215. -. Same title, the first Australian edition. Sydney: Hodder & Stoughton (1982). Small bookstore label front flyleaf; else fine in a fine dust jacket. The U.K. edition reportedly precedes the Australian but "following the flag" would make this the more desirable edition, and it is a better-bound edition than the U.K.

216. KENNEDY, William. Ironweed. (NY): Viking (1983). The uncorrected proof copy of his Pulitzer Prize-winning novel and the third book in his acclaimed "Albany sequence." Fine in wrappers.

217. KEROUAC, Jack. The Dharma Bums. NY: Viking, 1958. A classic of Beat literature and by consensus Kerouac's best-loved book after On the Road. This novel introduced Beat poet Gary Snyder to the world as "Japhy Ryder;" its characters became counterculture heroes with their distinctly American blend of Zen and fun. Fine in a very good, rubbed dust jacket with light chipping at the crown.

218. KEROUAC, Jack. Big Sur. NY: Farrar Straus Cudahy (1962). One of the many books in Kerouac's semi-autobiographical series, which he called "The Dulouz Legend." An author's note at the beginning of this volume explains that his intent was to populate his entire series of novels with the same characters, a plan that was vetoed by his early publishers. Kerouac writes: "In my old age I intend to collect all my work and re-insert my pantheon of uniform names, leave the long shelf full of books there, and die happy" -- a plan he never brought to fruition. Near fine in a very good dust jacket with a small chip and a larger open tear at the crown.

219. KINCAID, Jamaica.

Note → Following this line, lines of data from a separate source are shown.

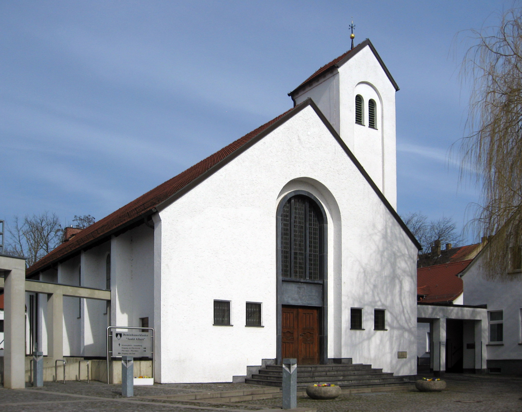 Parish Church and Convent of St. Albert in Leipzig-Wahren, Georg-Schumann-Strasse 336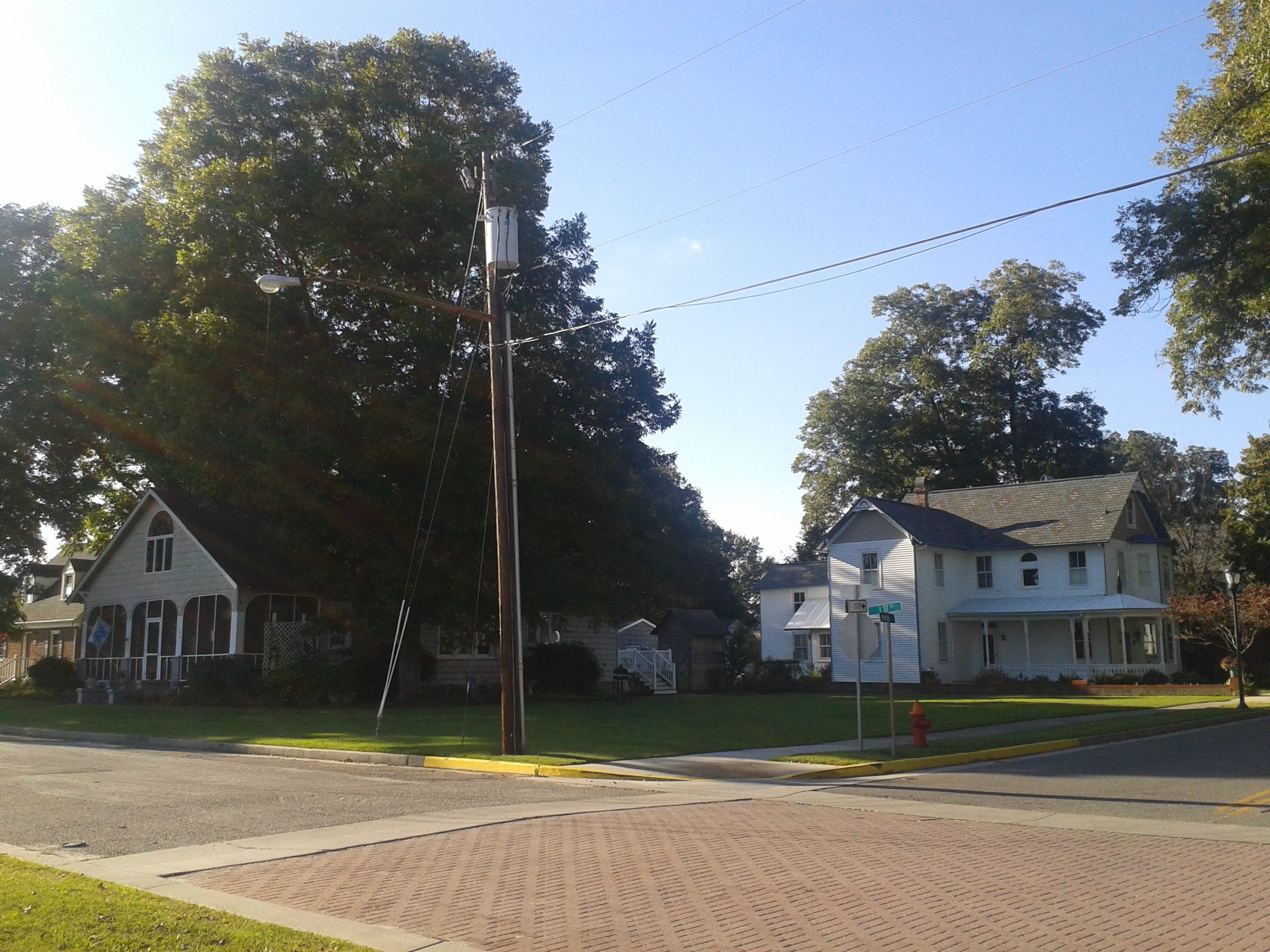 West Point, Virginia. Taken by me in October, 2016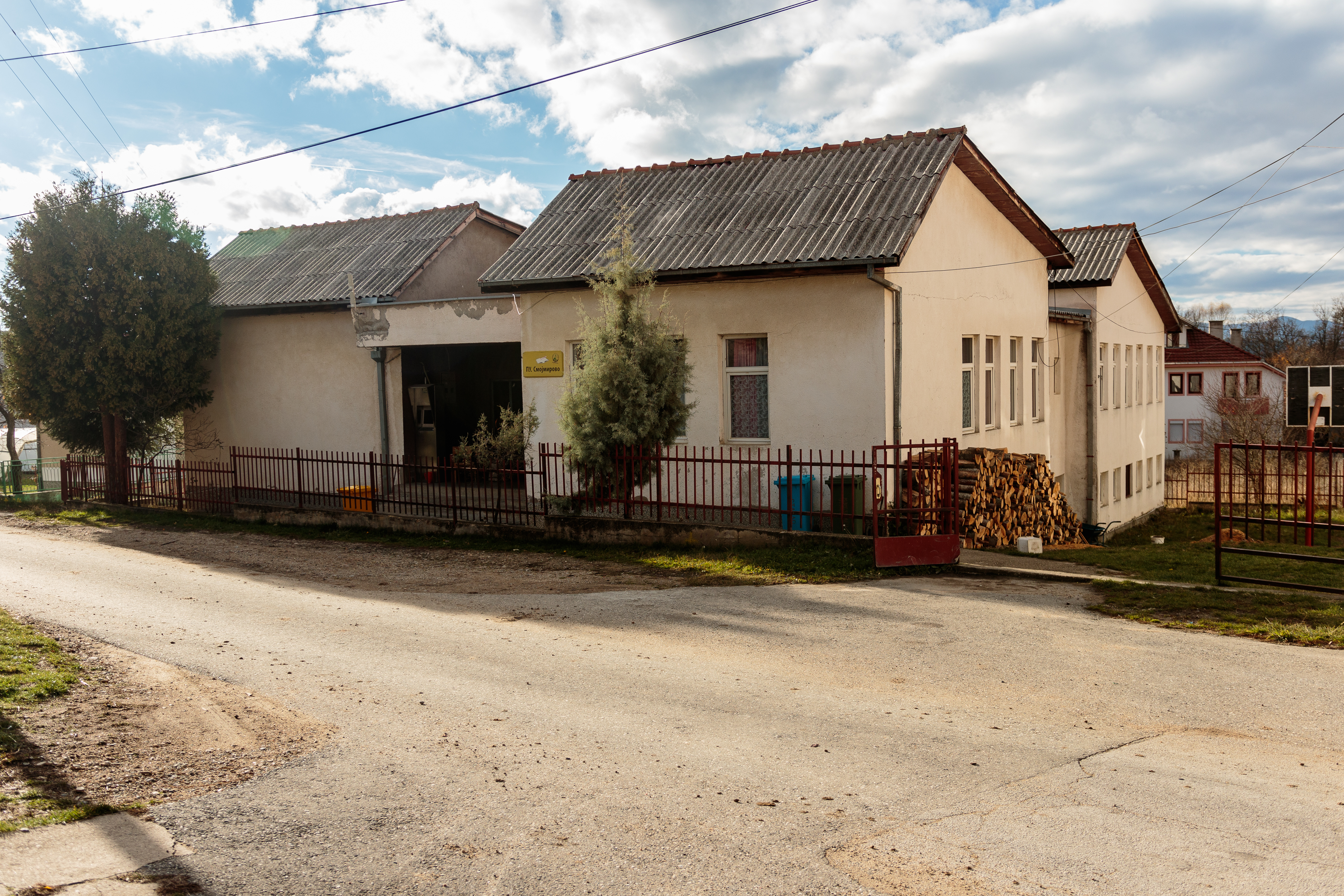 Primary school in Smojmirovo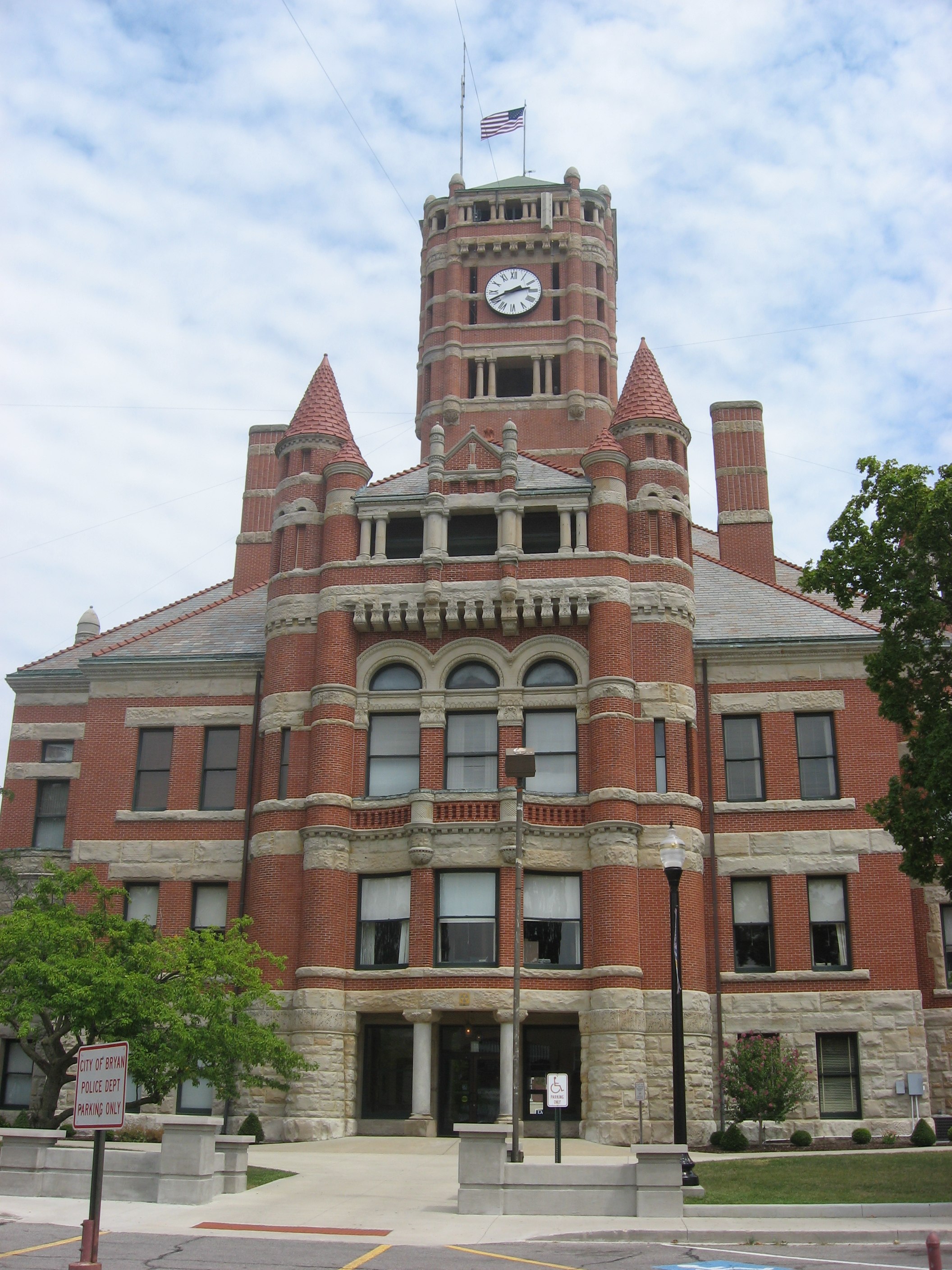 Western side of the Williams County Courthouse, located at the intersection of Main (U.S. Route 127 and State Route 15) and High (State Routes 2 and 34) at the center of Bryan, Ohio, United States. Built in 1890, it is listed on the National Register of Historic Places, and it is part of the Register-listed Bryan Downtown Historic District.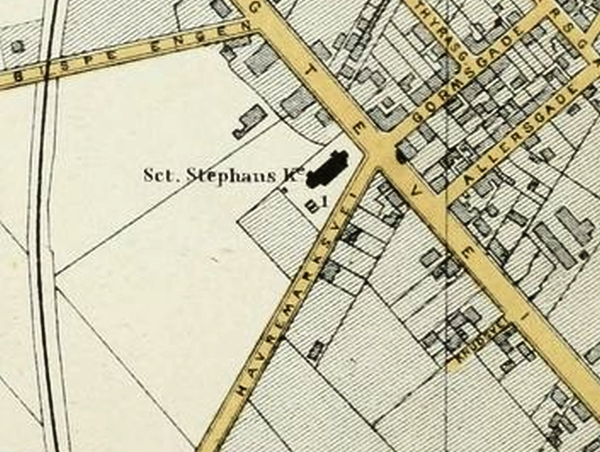 A map detail showing Havremarksvej - now Stefansgade - in the Nørrebro district of Copenhagen. Denmark. The map is from after Stefanskirken was built in 1874 and before the street name was changed in 1880.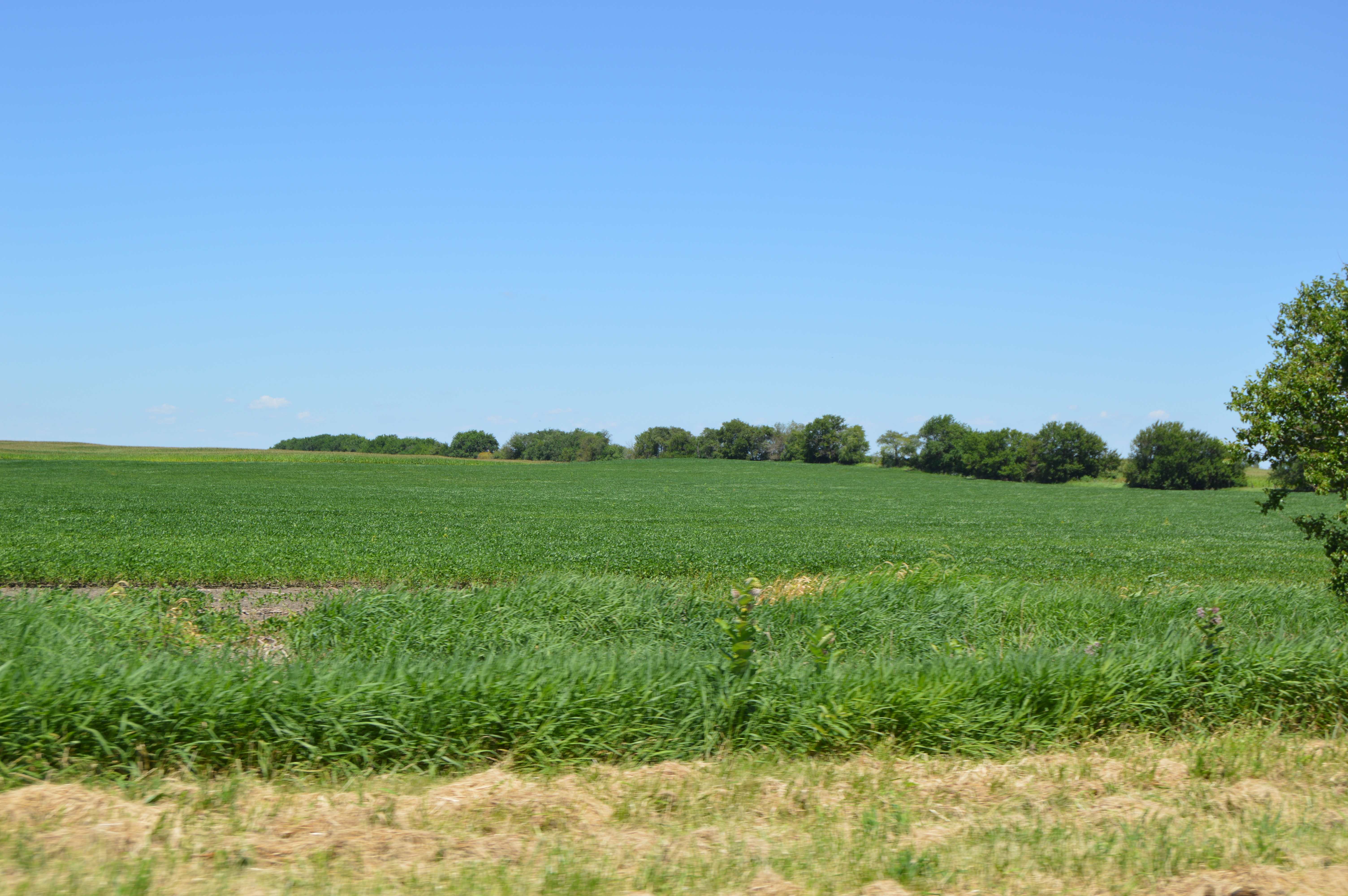 Fields in far southwestern Beaverville Township, Iroquois County, Illinois, United States, looking north from 3000 North west of Beaverville.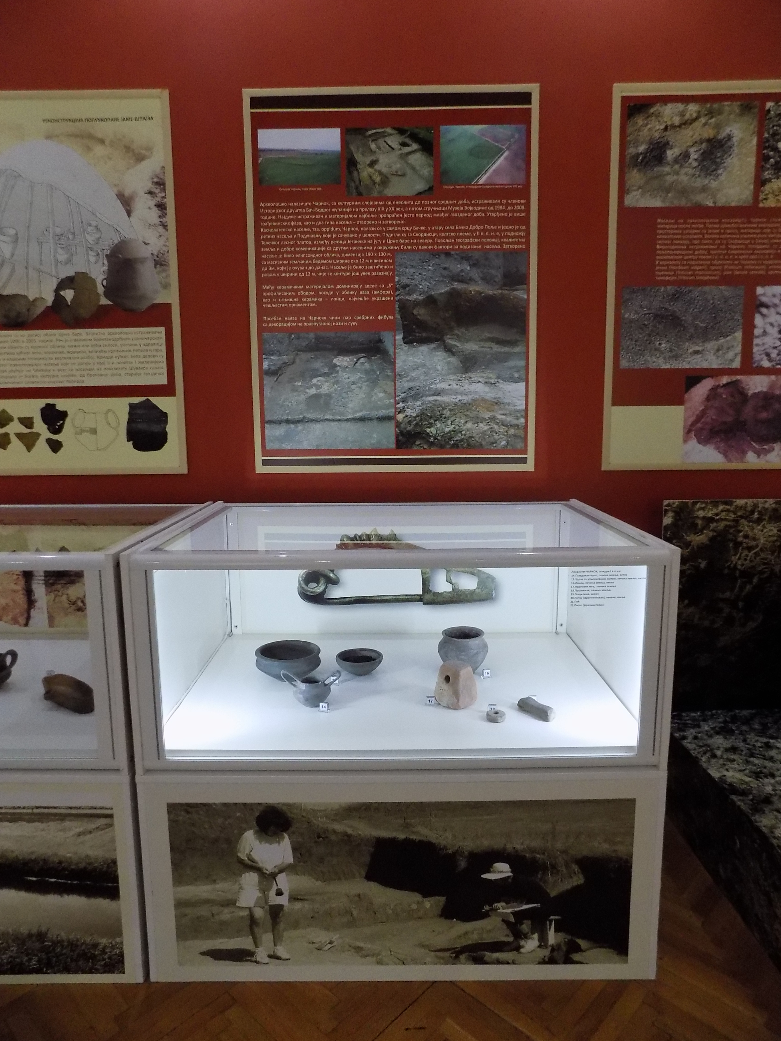 Objects from the archaeological site Čarnok in the permanent exhibition of the museum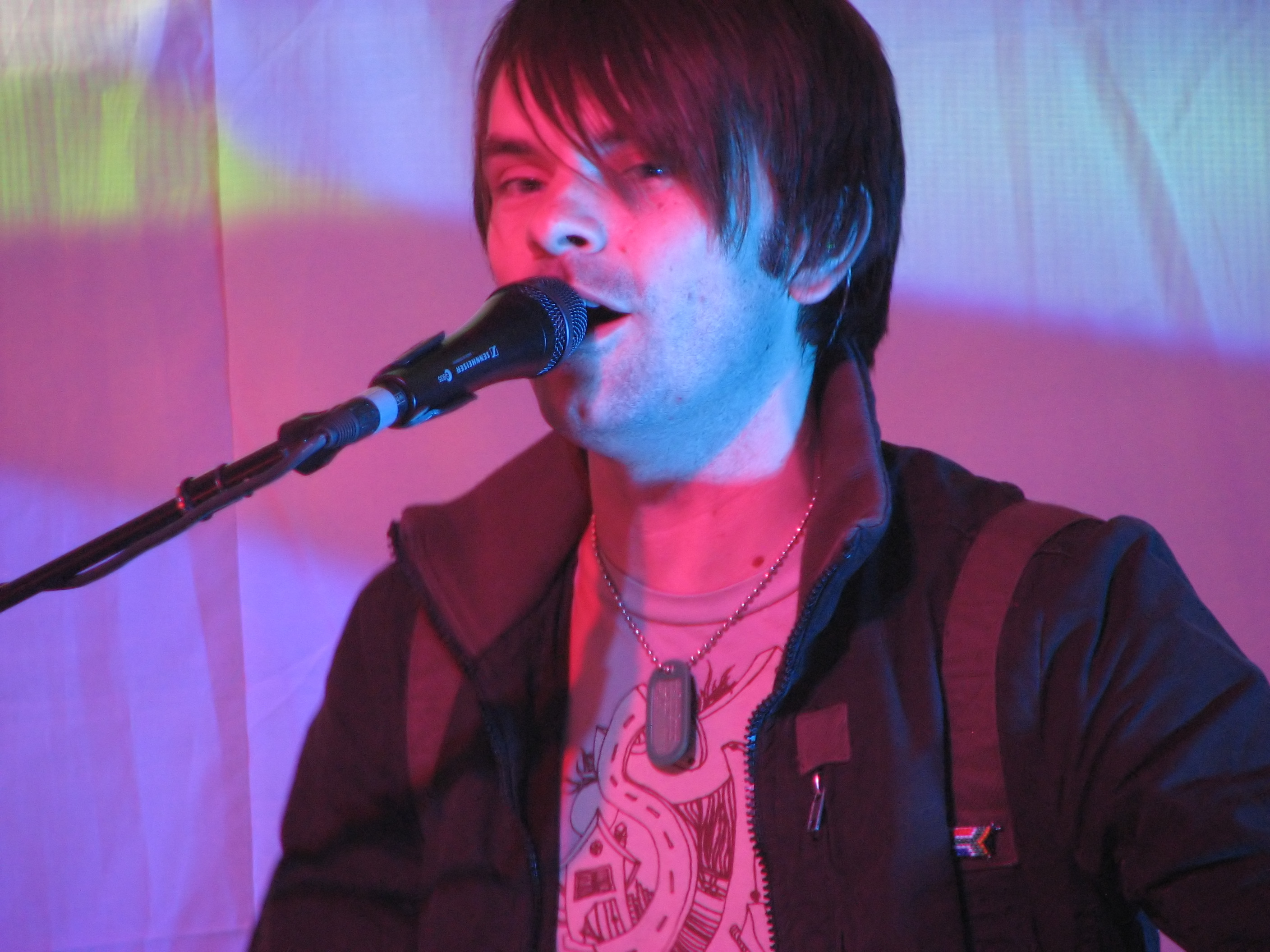 Jars of Clay band member, Charlie Lowell, performing in 2007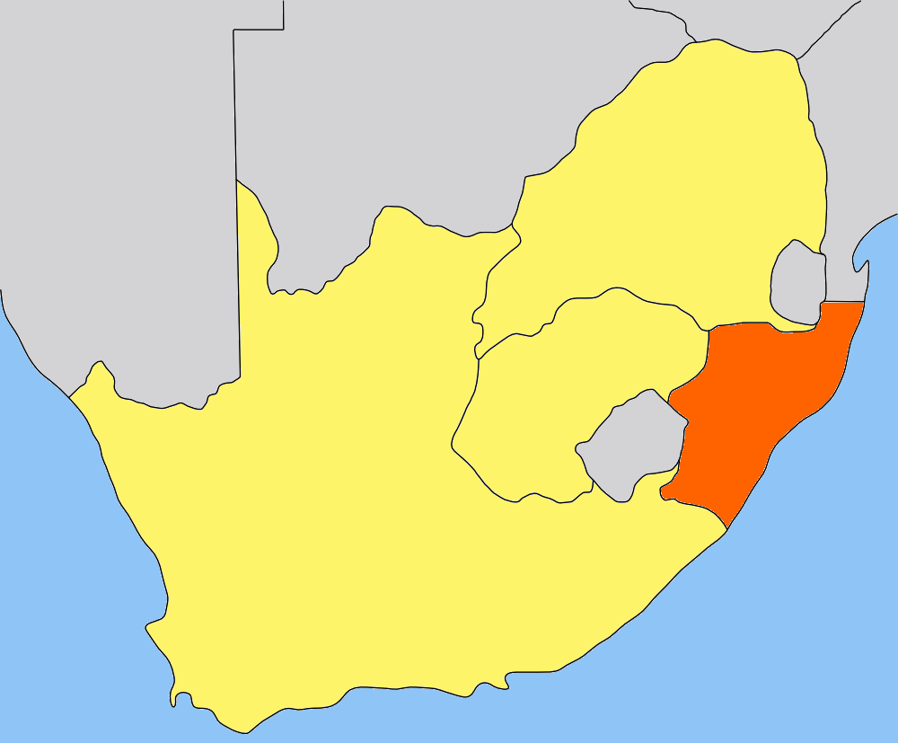 Map of the Natal Colony/Natal Province in South Africa. Traced by hand in Inkscape from older version of this image, recoloured in the GIMP.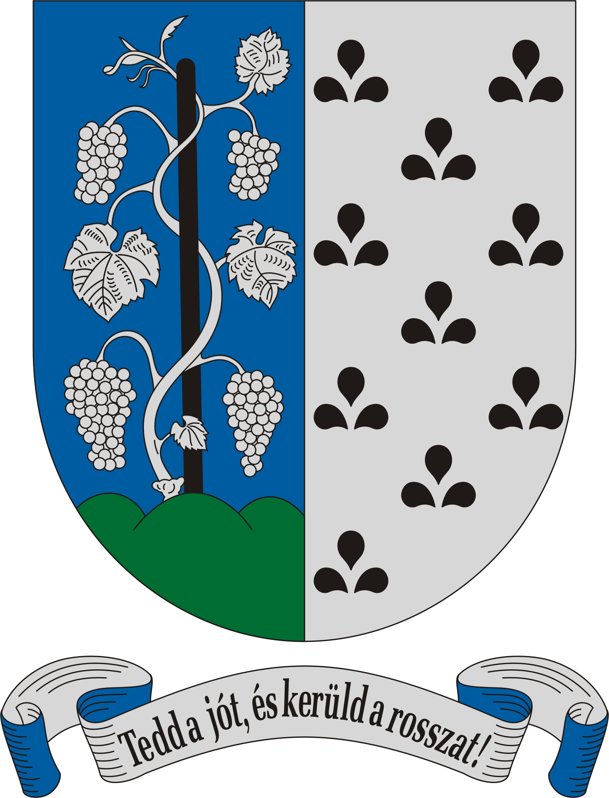 Coat of arms of Szank, Hungary

The Autobiography of My Mother. NY: FSG (1996). The third novel, fifth book, by this West Indian writer. Signed by the author. Fine in a fine dust jacket.

220. KINSELLA, W.P. Five Stories. (Vancouver): (Hoffer/Tanks) (1986). The trade edition of this collection, published by William Hoffer and with illustrations by Carel Moiseiwitsch. Signed by the author. Bumped at base of spine, otherwise fine in wrappers.

221. KITTREDGE, William. Owning It All. (St. Paul): Graywolf Press, 1987. The uncorrected proof copy of the second book by one of the preeminent writers of the contemporary American West, which was only published in softcover. Fine in wrappers, and reproducing several holograph corrections to the text. With a letter of transmittal, dated almost three months prior to publication.

222. KITTREDGE, William. Hole in the Sky. NY: Knopf, 1992. The uncorrected proof copy of his highly praised memoir, which traces his family's history as wealthy landowners in southeastern Oregon, a mixed blessing for the author, as he describes it. Kittredge's memoir is in part an elegy for the Great Basin and the large ranch that was his family legacy and, as such, it reflects on the myths of the Old West and was a key work in defining the literature of the "New West." Fine in wrappers.

223. KNOWLES, John. A Separate Peace. NY: Macmillan (1974). A later printing of the author's classic first novel, but an association copy, inscribed by the author in 1978: "To ____/ At the outset/ of what I hope will/ be a long and rewarding/ relationship -/ Affectionately,/ Jack." Fine in a near fine dust jacket with wear at the spine extremities and scratches to the lamination.